“Você reconhece ela?”, pergunto ao garçom, no instante em que Gleide Ângelo se afasta para fazer as fotos que ilustram este perfil. “Claro”, responde sem hesitar, “É aquela delegada rocheda. Ela é uma celebridade”. Acertou no alvo, duas vezes, Gleide é delegada e celebridade, a ponto de não poder passear em paz pelo vuco-vuco, a vizinhança formada pelas ruas das Calçadas, da Praia e Direita (entre outras) onde compra os componentes que possibilitam a prática do seu principal hobby: fazer bijuterias. A todo momento os “fãs” a abordam, seja apenas para cumprimentá-la pelo seu trabalho e/ou, um passo adiante, pedindo para posar para a indefectível foto que, seguramente, irá ornamentar alguns perfis no Facebook ou Instagram.
Os adornos que produz falam muito sobre sua personalidade: colorida, carismática, singular, generosa. “Eu fico morrendo de vergonha porque isso que faço é apenas o meu trabalho na polícia”, diz, com razão. Talvez seja a composição policromática do seu visual: cabelos em semitons de rubro, do vermelho-sangue ao bordeaux profundo, maquiagem caprichada, esmaltes vivos, roupas coordenadas por cores sólidas. Talvez seja o contraponto de forma e função: a gentileza exterior em contraposição à firmeza interior. Tudo, em Gleide Ângelo, atrai o olhar.
As lembranças mais felizes da infância de Gleide Ângelo vão dos 7 aos 13 anos, quando, ao lado dos irmãos , Gabriel e Gerson, fazia parte do time de natação do Sport. Treinava sem parar, às vezes às 5 da manhã, mas não era, propriamente, o esporte que a atraía, mas a convivência com os amigos que fazia no Parque Aquático do clube, jogando totó e sinuca depois dos treinos, comendo “batata à francesa”, como chamavam as fritas na época. Até hoje o sabor está impresso na memória, nunca mais provou outras iguais. A entrada na adolescência foi marcada pela morte da mãe, Isabel, aos 39 anos, de câncer de mama.

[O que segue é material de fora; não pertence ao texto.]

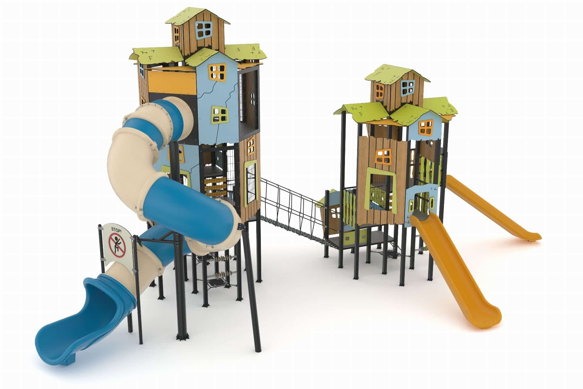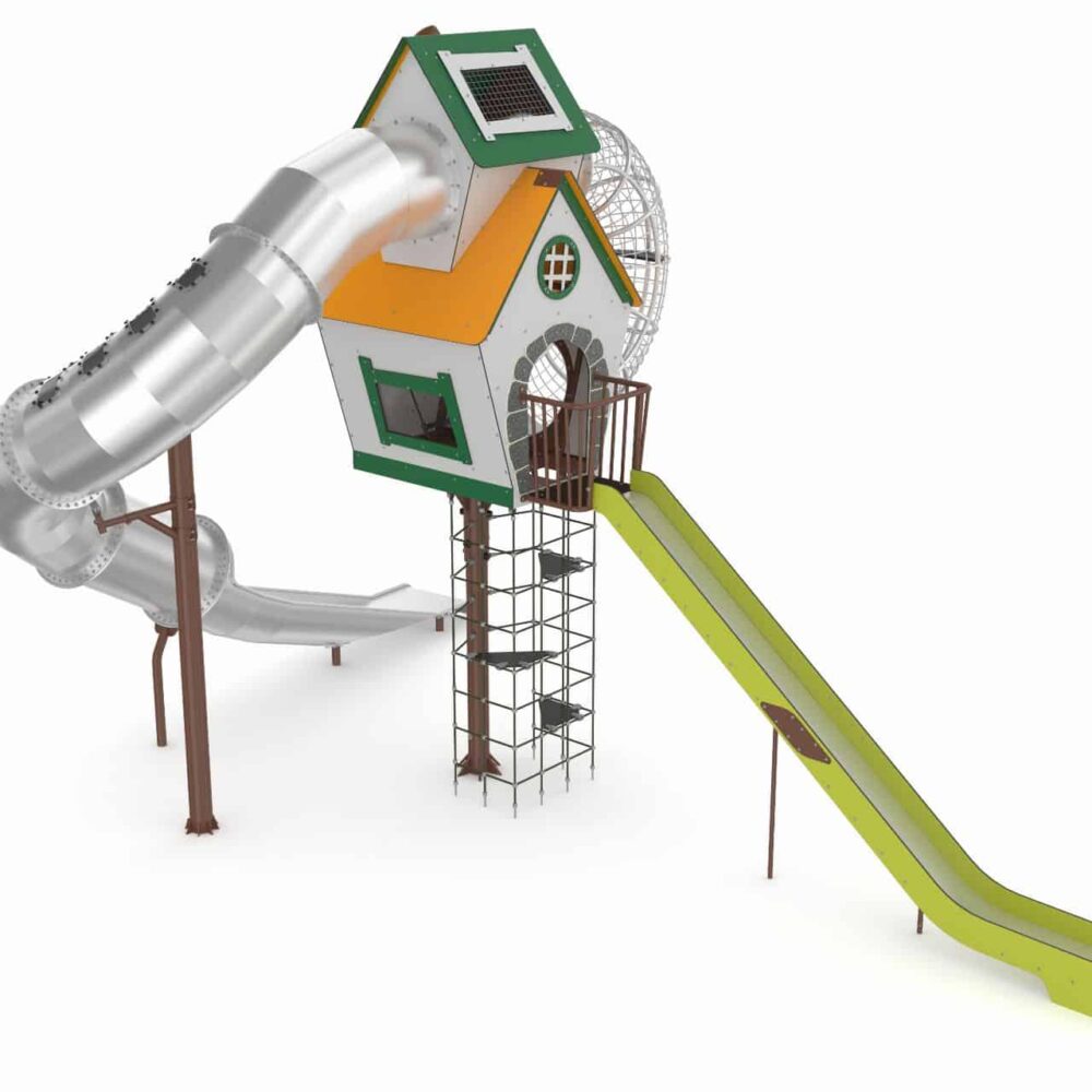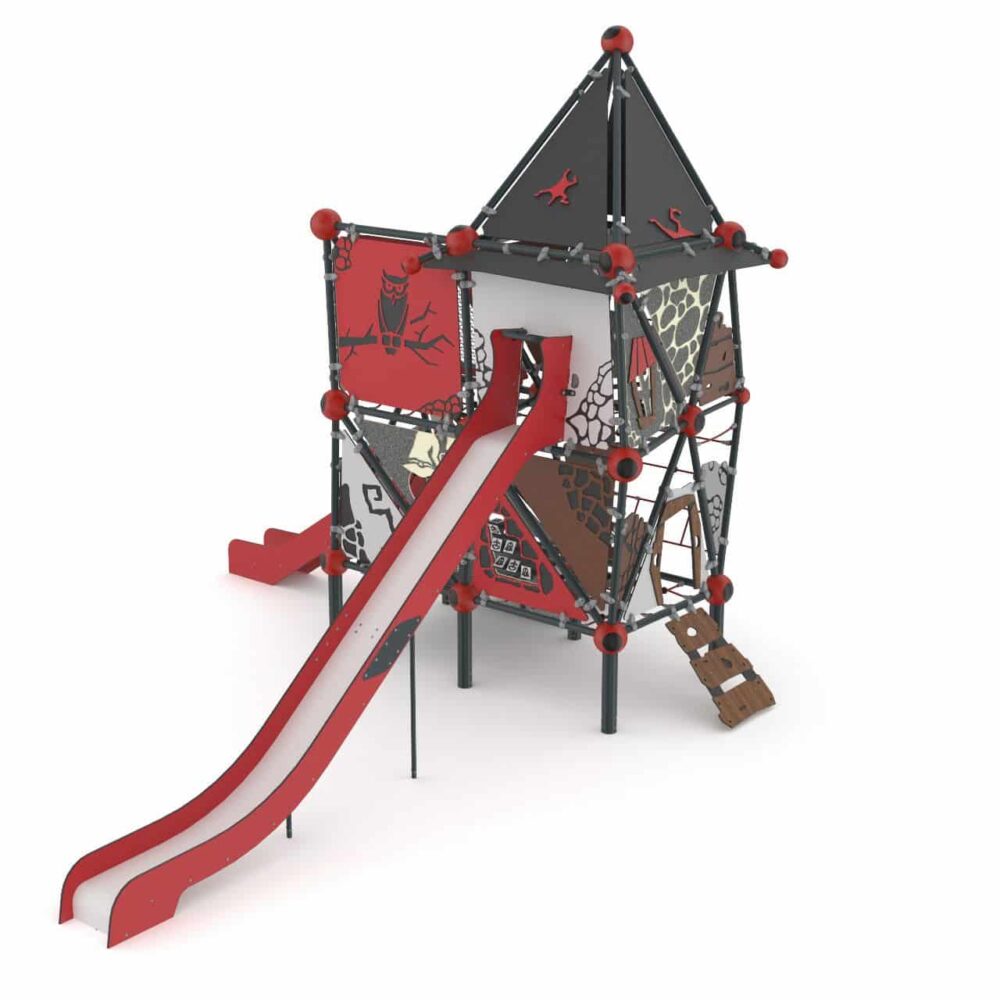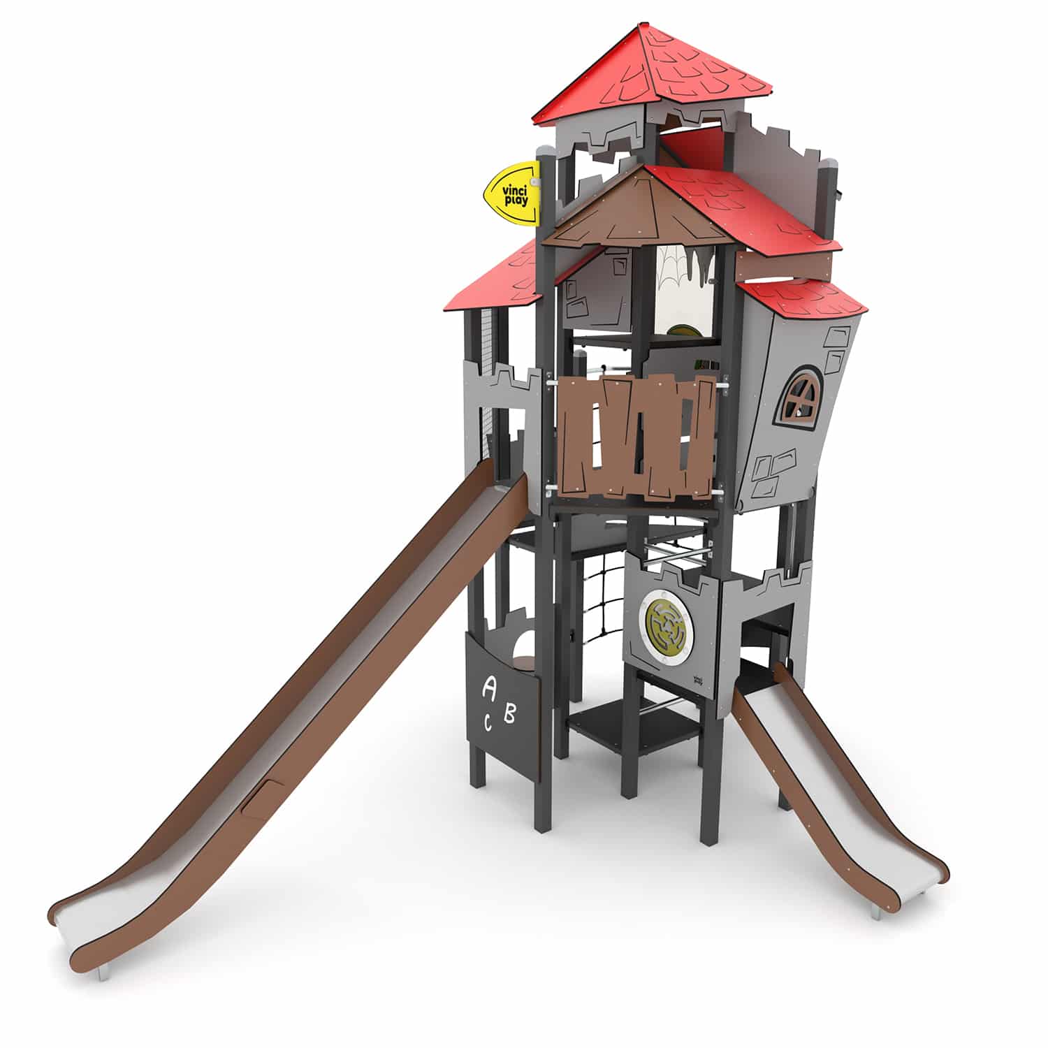 Multilevel kasteeltoren met klimnet en twee glijbanen

Foi um período cinza compensado pelas cores que, já então, escolhia para as roupas. O pai, Dimas, falecido há seis anos, aos 80 anos, trabalhava demais, entre Recife e Maceió, e os órfãos tiveram que aprender a se virar bem cedo. “Ele dava dinheiro para a gente se vestir. Meus irmãos investiam tudo em tênis de marca, eu dividia o dinheiro em itens bem baratinhos, mas que pudessem combinar de várias formas. Comprava um par de tênis branco e vários cadarços coloridos”, lembra.
Talvez venha daí, também, a dor que lhe abate sempre que tem como missão, além de investigar o culpado pelo assassinato, transmitir à mãe da vítima a notícia. “Acho que só existe uma dor mais forte do que perder a mãe. É a da mãe que perde seu filho”, diz ela, que gerou duas crianças, Luiz Eduardo e Maria Eduarda, hoje com 18 e 16 anos.
“Quando eu tive que dizer à mãe do rapaz, Paulo Ricardo, que ele havia morrido quando o acertaram com uma bacia sanitária, antes de qualquer coisa, eu me tranquei no carro e orei”, confessa Gleide, que é evangélica desde 2000. Ela enfatiza que esta denominação aplica-se a ela especificamente por que ela crê no livro sagrado, e não propriamente porque se atrela a alguma igreja. E os exemplos de fé a acompanham na rotina que ela define com um só adjetivo: “pesada”.
Foi para o alto que se virou para pedir ajuda na resolução de um caso que ela reputa como um dos mais difíceis, em torno da morte de Narda Alencar Biondi. “A mãe me me ligava angustiada todos os dias para descobrir o paradeiro da filha, que até então era tida como desparecida. Ficava de coração partido ao vê-la alimentar a esperança de vê-la ainda com vida. A experiência mostra que pessoas que mantêm uma rotina fixa, que são conhecidas por todos e que não apresentam nenhum problema mental, raramente desaparecem do nada. A maior probabilidade, depois de um certo tempo, é que estejam mortas, analisa. E assim foi. Narda, que estava hospedada em casa de amigas, foi morta e teve seu corpo enterrado no quintal pelas mesmas pessoas que lhe deram abrigo”.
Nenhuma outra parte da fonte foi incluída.